● Extracted data entries
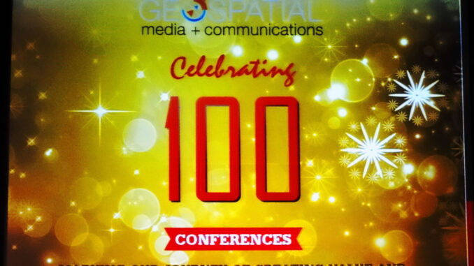 At the India Geospatial Forum today, Sanjay Kumar, the CEO of Geospatial Media and Commmunications, the organizers of the conference announced that this year’s India Geospatial Forum is Geospatial Media’s 100th conference. To mark the occasion, Sanjay presented a fascinating bit of background history about Geospatial Media.
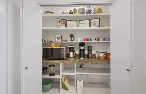 Kitchen: Fully functional kitchen with everything needed to cook large meals and a dining table with enough seating for the entire family. Pots, pans, crockpot, blender, cooking utensils, and extras you'd need to make any meal there.
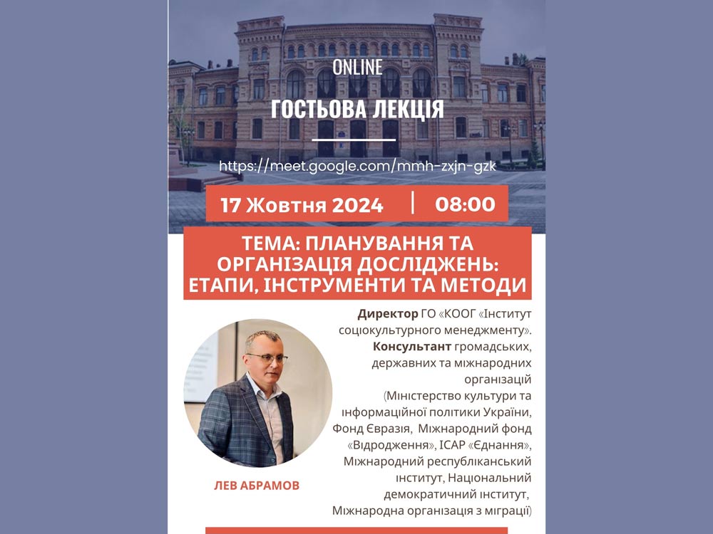 17 жовтня 2024 року в онлайн-форматі відбулася гостьова лекція на тему «Планування та організація досліджень: етапи, інструменти та методи» в межах викладання освітнього компоненту «Інформаційні технології в науці», яка є нормативною для здобувачів третього (освітньо-наукового) рівня вищої освіти Центральноукраїнського державного університету імені Володимира Винниченка. Під час лекції аспіранти ознайомилися з особливостями планування та проведення досліджень. Гостьовим лектором виступив випускник нашого університету Лев Абрамов – директор ГО «КООГ «Інститут соціокультурного менеджменту», тренер, експерт із організаційного розвитку та досліджень із 25-річним досвідом роботи, консультант низки громадських, державних та міжнародних організацій.
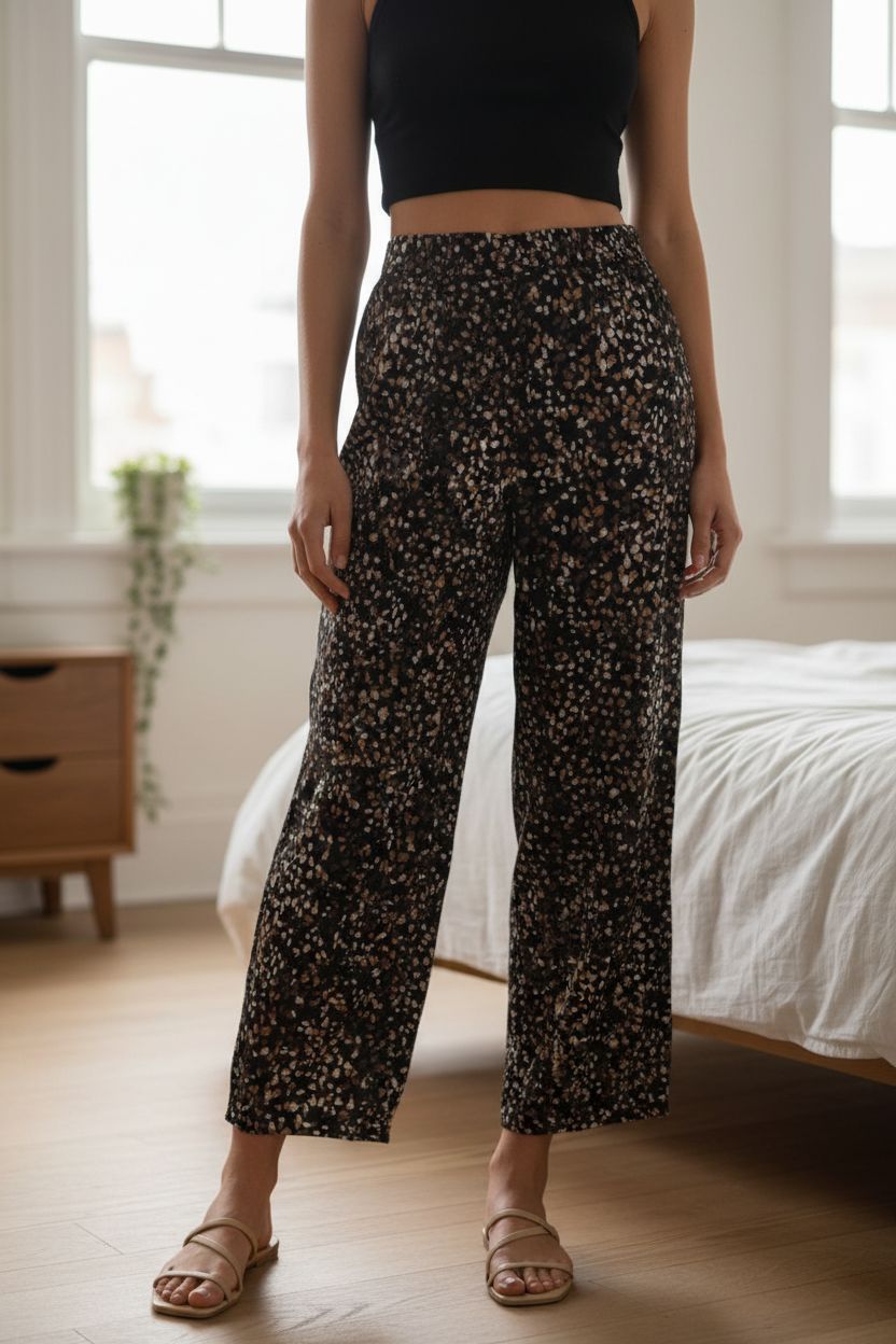 Eine Person in Kurzer Rock mit tollem Muster | Gr. 34 aufrecht stehend, der Kamera zugewandt, mit schlanker Figur, in einem sanft beleuchteten Schlafzimmer, mit natürlichem Licht, das durch ein Fenster fällt.
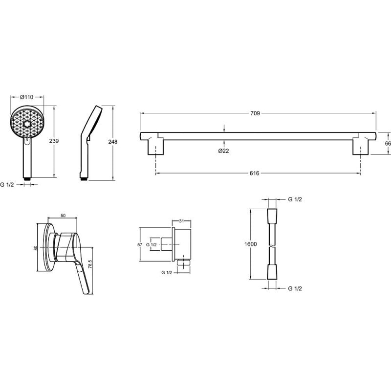 Управление душевым гарнитуром осуществляется с помощью удобного рычажного механизма, что позволяет легко регулировать поток воды и температуру. Душевая лейка диаметром 11 см обеспечивает комфортный и равномерный поток воды, а шланг длиной 160 см позволяет свободно перемещаться во время принятия душа.
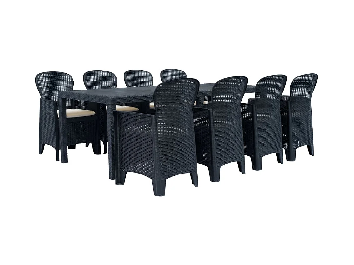 Ensemble à dîner 9 pcs Plastique Anthracite Aspect de rotin BE43105
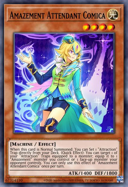 When this card is Normal Summoned: You can Set 1 "Attraction" Trap directly from your Deck. (Quick Effect): You can target 1 of your "Attraction" Traps equipped to a monster; equip it to 1 "Amazement" monster you control or 1 face-up monster your opponent controls. You can only use this effect of "Amazement Attendant Comica" once per turn.
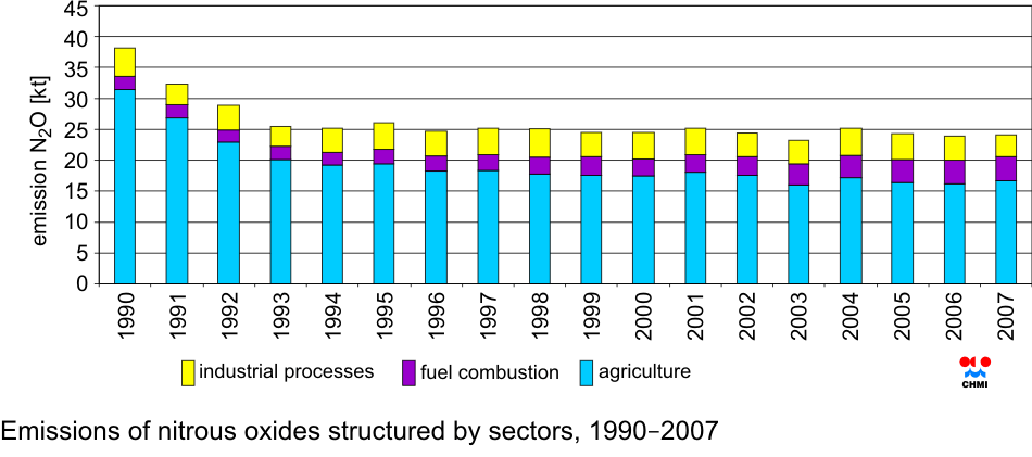 Emissions of nitrous oxides structured by sectors, 1990–2007 |
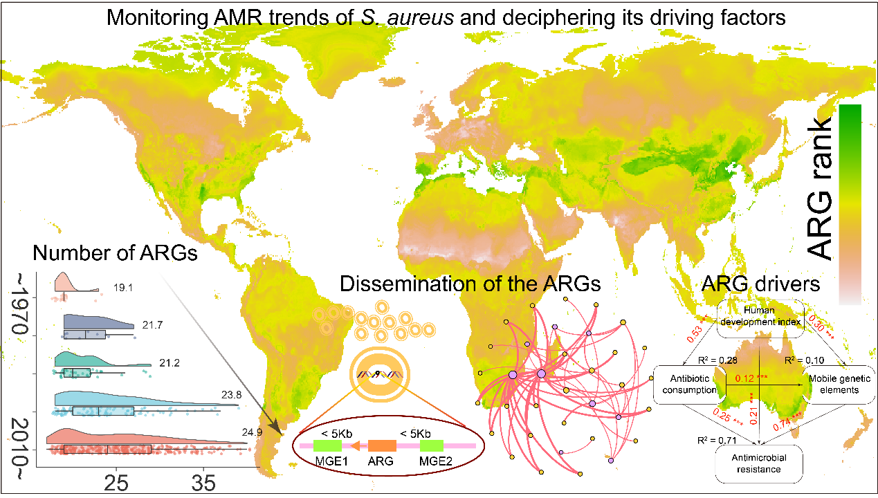 该论文探究了100多年来全球食源性致病菌—金黄色葡萄球菌(Staphylococcus aureus)耐药基因的进化的驱动因素及传播机制。beat365平台唯一官网食品与健康学院方冠宇老师为论文的第一作者和通讯作者,刘兴泉教授为文章的通讯作者。
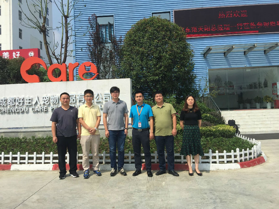 9月21日京東總部寵物農(nóng)業(yè)部總經(jīng)理范天陽、運(yùn)營經(jīng)理單鶴翔、采銷經(jīng)理張振龍一行蒞臨成都好主人寵物食品有限公司參觀,好主人寵物食品有限公司總經(jīng)理?xiàng)詈楹?、副總?jīng)理王寧等熱情接待并座談。
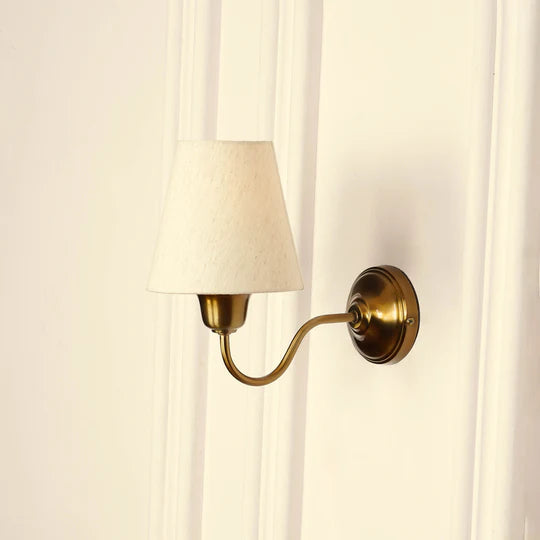 Divine Trends Brass Antique Finish Wall Lamp with Off White Lampshade
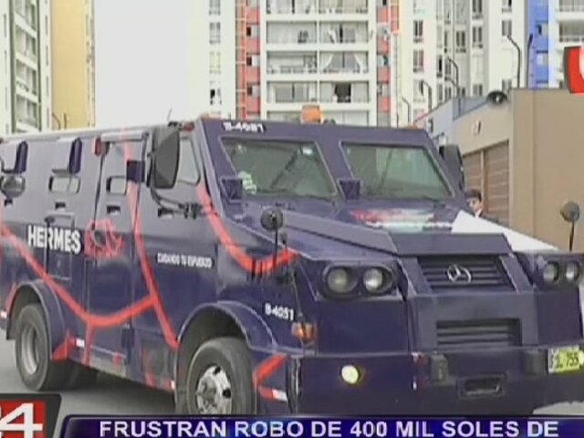 Una rápida acción policial frustró el robo de 400 mil soles de un vehículo de caudales en San Miguel. Fueron cinco los delincuentes que habían logrado reducir a los agentes de seguridad de la empresa Hermes.

● Action item
Only the lines from the one containing "Divine Trends Brass" through the last line of the data belong in the copy, both included and reproduced exactly. Pictures do not.

● Response to the exercise
 Divine Trends Brass Antique Finish Wall Lamp with Off White Lampshade
 Una rápida acción policial frustró el robo de 400 mil soles de un vehículo de caudales en San Miguel. Fueron cinco los delincuentes que habían logrado reducir a los agentes de seguridad de la empresa Hermes.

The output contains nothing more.